Symposium: Adolescents in the Americas

Ana Ramos-Zayas of Baruch College/CUNY (left) and Bowdoin's Ingrid Nelson

Ana Ramos-Zayas of Baruch College/CUNY (left) and Bowdoin’s Ingrid Nelson

The influence of race, class and citizenship status on adolescence was the focus of Adolescents in the Americas: Negotiating Identities, Shaping Contexts in an Interconnected World, a symposium held on campus Oct. 3-4, enabling critical conversations on privilege, belonging and social capital amongst teenagers.

“The purpose of the symposium was to bring together leading scholars from across the country and beyond to talk about adolescence in Canada, the U.S. and Latin America,” said Assistant Professor of Sociology Ingrid Nelson, who organized the symposium along with Associate Professor of Education Doris Santoro and Associate Professor of Anthropology Krista Van Vleet. “We focused on the issues that adolescents face that cross national boundaries.”

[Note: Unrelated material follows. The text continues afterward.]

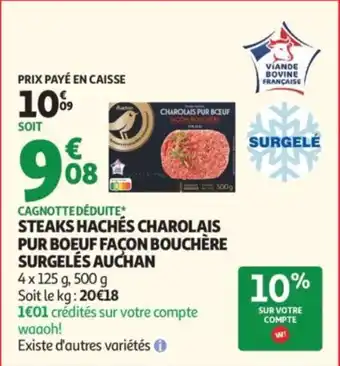 Steaks hachés charolais pur boeuf façon bouchère surgelés auchan 500 g
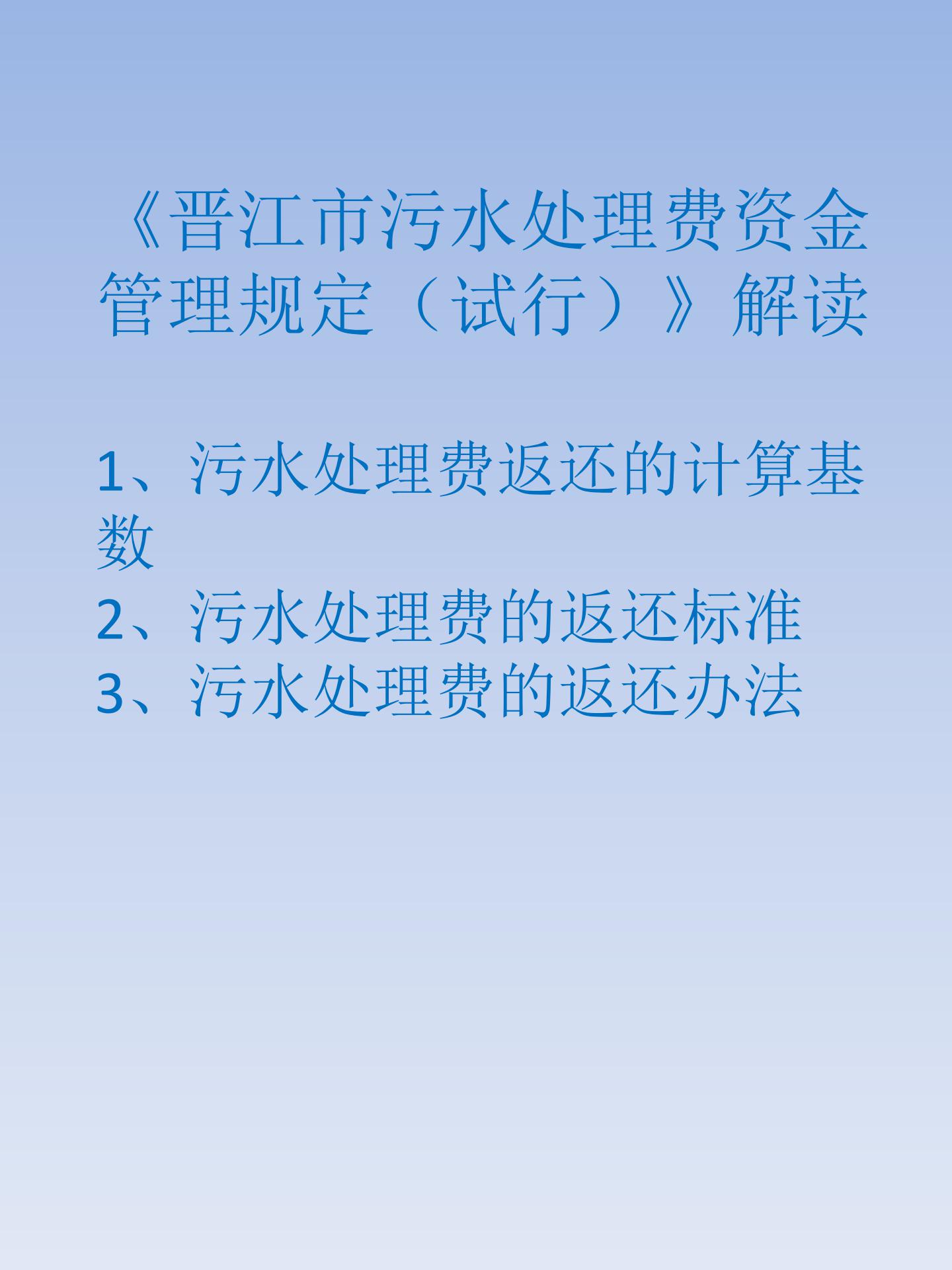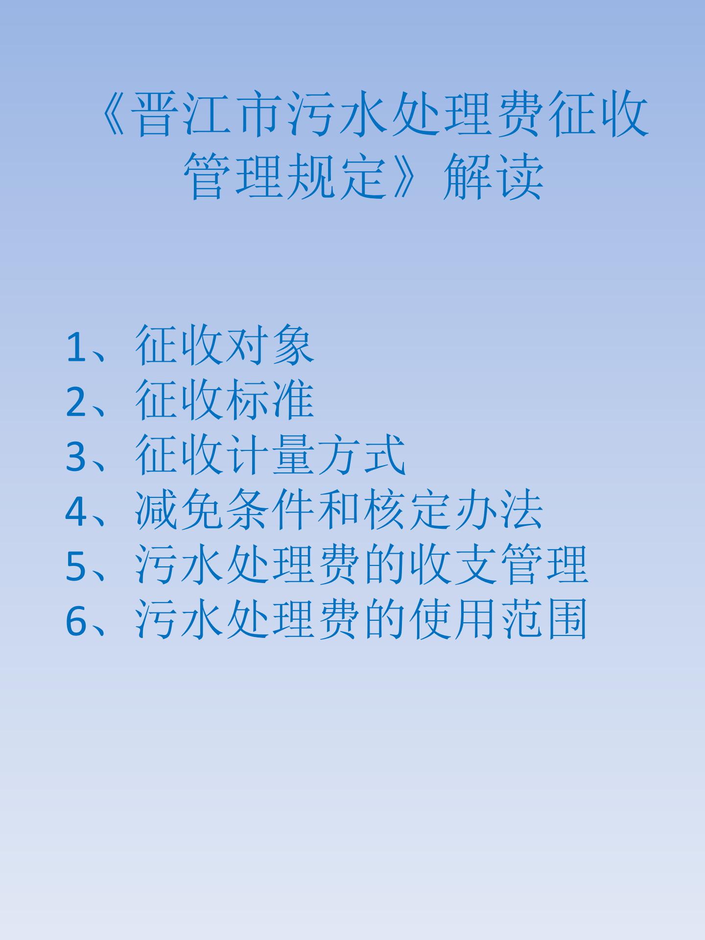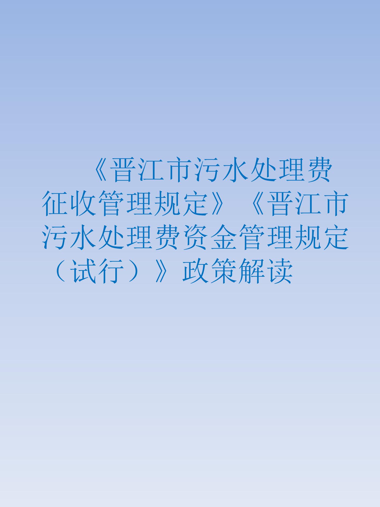 《晋江市污水处理费征收管理规定》《晋江市污水处理费资金管理规定(试行)》政策解读

Doris Santoro of Bowdoin (left) and Nilda Flores-Gonzalez of the University of Illinois

Doris Santoro of Bowdoin (left) and Nilda Flores-Gonzalez of the University of Illinois

Adolescents in the Americas incorporated research on a wide range of demographics. Scholars from a variety of institutions – including Columbia University, Northwestern University, Colby College, UMass Amherst, and the University of Toronto – discussed how impoverished Latino youths negotiated their American identities as well as how privileged students perceive their affluence. Nelson’s presentation, incorporating in-depth interviews and encompassing issues of socioeconomic advancement, focused on how rural Maine students from different class backgrounds pursue options of higher education.

The event was attended by students from a variety of fields, including members of Nelson’s “Race and Ethnicity” course. “I thought the speakers were all really fascinating,” said Sunjay Priyadarshan ’14. “I liked that they tapped into issues of immigration and class and capital in specific ways and addressed topics of affluent students and people who go back to their country of origin.”

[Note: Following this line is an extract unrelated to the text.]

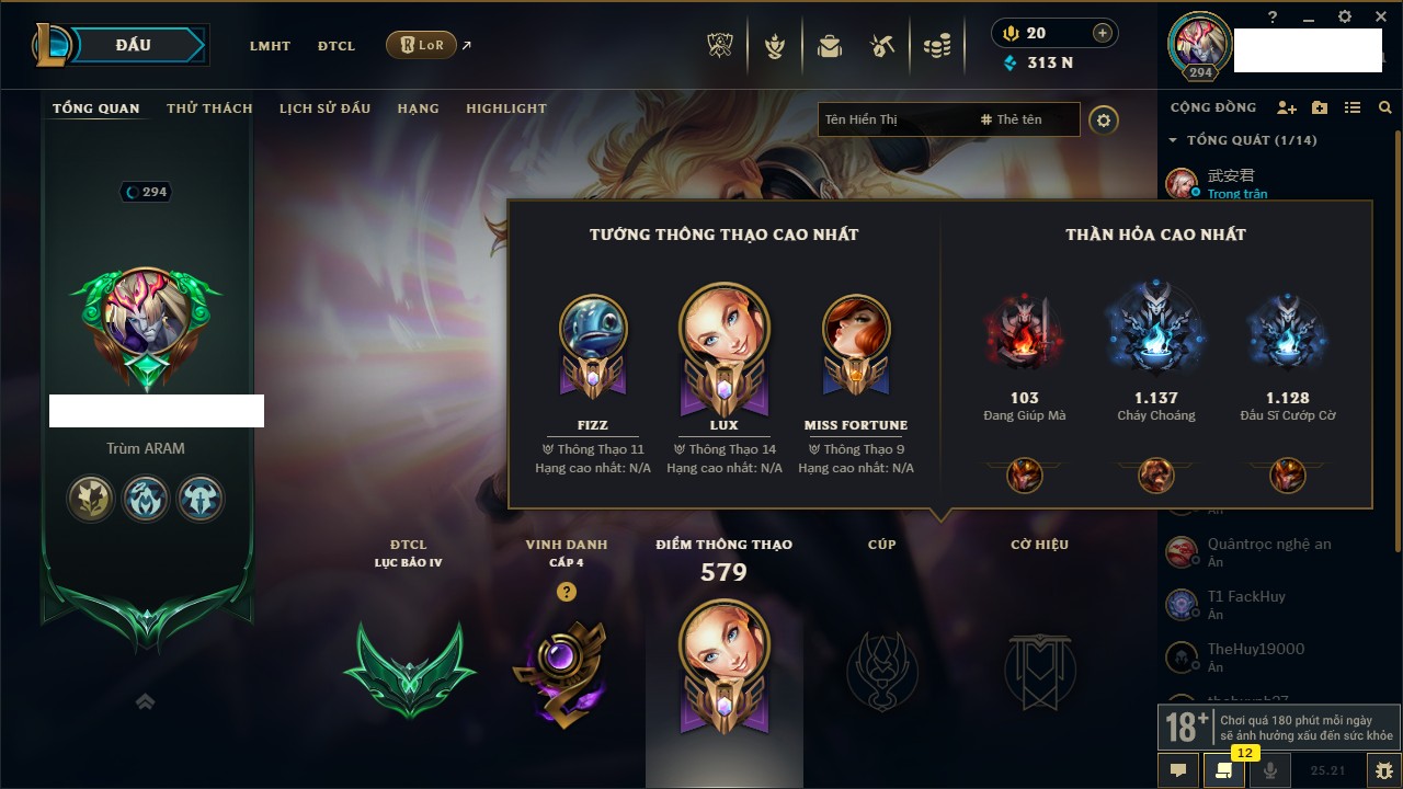 Rank Đơn: Đồng IKhung: ĐồngTướng: 168 - Còn 11447 THXTrang Phục: 245Rank ĐTCL: Chưa RankLinh Thú: 53

The fields of anthropology, sociology and education merged as experts from varied fields shared their unique perspectives on adolescent identity formation in different social contexts, building a multifaceted academic analysis of American adolescence over the course of the symposium.

This was the third in a series of four symposia led by Bowdoin faculty this fall, assembling experts from near and far to exchange ideas about topics spanning a wide range of disciplines including sociology, science, art and history.